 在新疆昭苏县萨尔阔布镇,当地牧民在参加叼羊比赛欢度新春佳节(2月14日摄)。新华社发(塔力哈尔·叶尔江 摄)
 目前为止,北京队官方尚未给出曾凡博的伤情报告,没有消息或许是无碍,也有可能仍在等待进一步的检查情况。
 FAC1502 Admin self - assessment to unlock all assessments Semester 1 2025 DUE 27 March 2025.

********

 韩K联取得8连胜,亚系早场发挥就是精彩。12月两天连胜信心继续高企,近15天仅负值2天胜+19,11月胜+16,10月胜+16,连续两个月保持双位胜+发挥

********

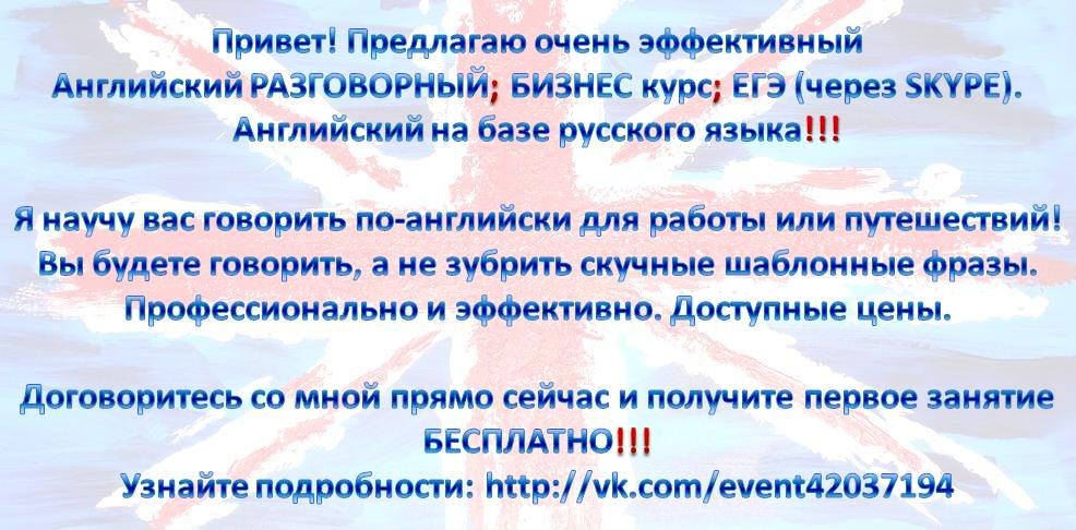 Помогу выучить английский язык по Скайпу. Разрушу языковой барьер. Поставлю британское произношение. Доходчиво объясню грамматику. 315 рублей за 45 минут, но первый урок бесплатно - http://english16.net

********

• _Exercise directions_: Everything starting at the line containing "目前为止,北京队官方尚未给出" and ending at the line containing "FAC1502 Admin self" in the records above should be repeated exactly, and only that.

• _Answer to this exercise_:
 目前为止,北京队官方尚未给出曾凡博的伤情报告,没有消息或许是无碍,也有可能仍在等待进一步的检查情况。
 FAC1502 Admin self - assessment to unlock all assessments Semester 1 2025 DUE 27 March 2025.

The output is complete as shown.